When you're moving between fifteen codebases, the context switch tax is real. The goal is to eliminate it — to make sitting down on any project feel like you never left, because the system has already assembled everything you need and is ready to hand it to you.

The PM layer tells me what to work on. The coding flow layer will tell me exactly where I left off and what the code needs next. Together, they're a complete replacement for the team I never hired.

Why This Beats Everything Else

Traditional PM tools like Jira and Asana are databases with dashboards. They store data and display it. They don't reason about it, they don't proactively surface insights, and they don't draft your status updates.

AI-native tools like Linear's AI features are impressive but constrained — walled gardens tied to a single platform's data, with limited model choice and no ability to operate autonomously across your entire toolchain.

General-purpose AI assistants lack persistence, can't take actions, and forget everything between sessions. You're burning tokens just to get the agent back up to speed.

This system is different because it combines autonomous operation with full integration, persistent context, and local control. OpenClaw provides the runtime. Opus provides the reasoning. The custom layer encodes my actual workflow instead of forcing me into someone else's methodology. And it runs on my machine, with my data, under my control.

The Compound Effect

When OpenClaw writes a standup today, that standup becomes context for tomorrow's journal. Tomorrow's journal informs next week's milestone review. The institutional knowledge doesn't decay. It stacks. Every day the system knows more about my projects, my patterns, and my priorities than it did the day before.

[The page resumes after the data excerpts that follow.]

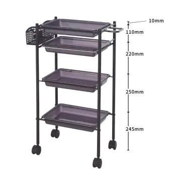ドライヤーホルダー兼用取手、メッシュラック付きのトレー式天板ワゴンです。
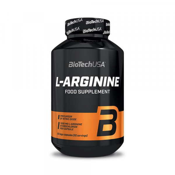 L-arginine (90 caps) is een voedingssupplement van het merk Biotech USAmerk, op basis van arginine in capsulevorm (gewicht van een capsule = 1,18 g).
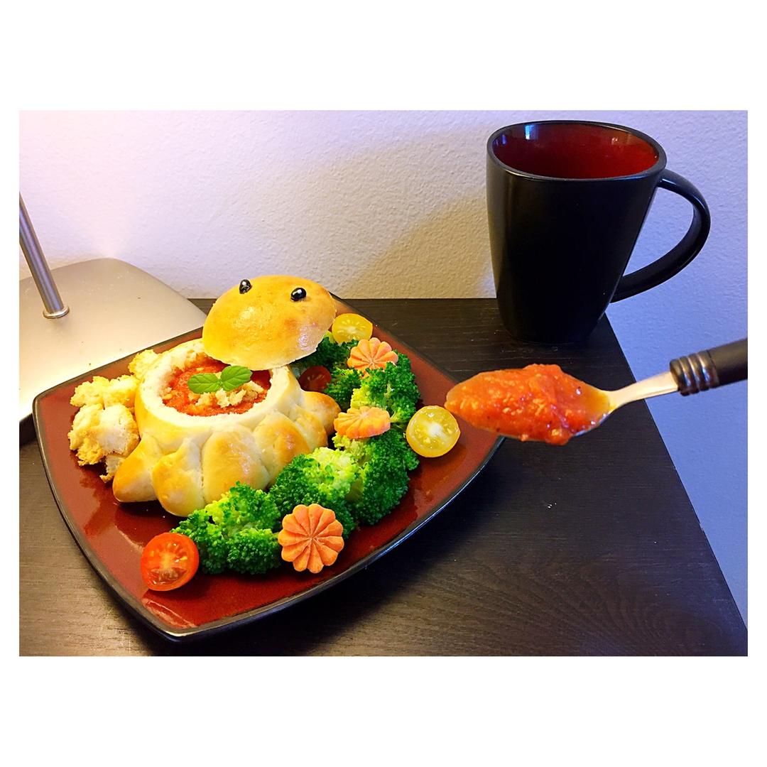 最近烤面包简直上瘾 又给自己烤了一个萌萌哒小章鱼面包🙆🏻🙆🏻

Fifteen projects used to mean fifteen context switches, fifteen mental models to reconstruct, fifteen sets of priorities competing for the same limited attention. Now it means one standup, one brief, one clear picture of what matters today.

The future of project management isn't a better dashboard. It's a better brain. One that never takes a day off, never loses context, and gets measurably better every week.

I'm not managing fifteen projects through heroic effort or obsessive discipline. I'm managing them because OpenClaw does the work of an entire PM team, and all I have to do is show up to our morning standup and start building.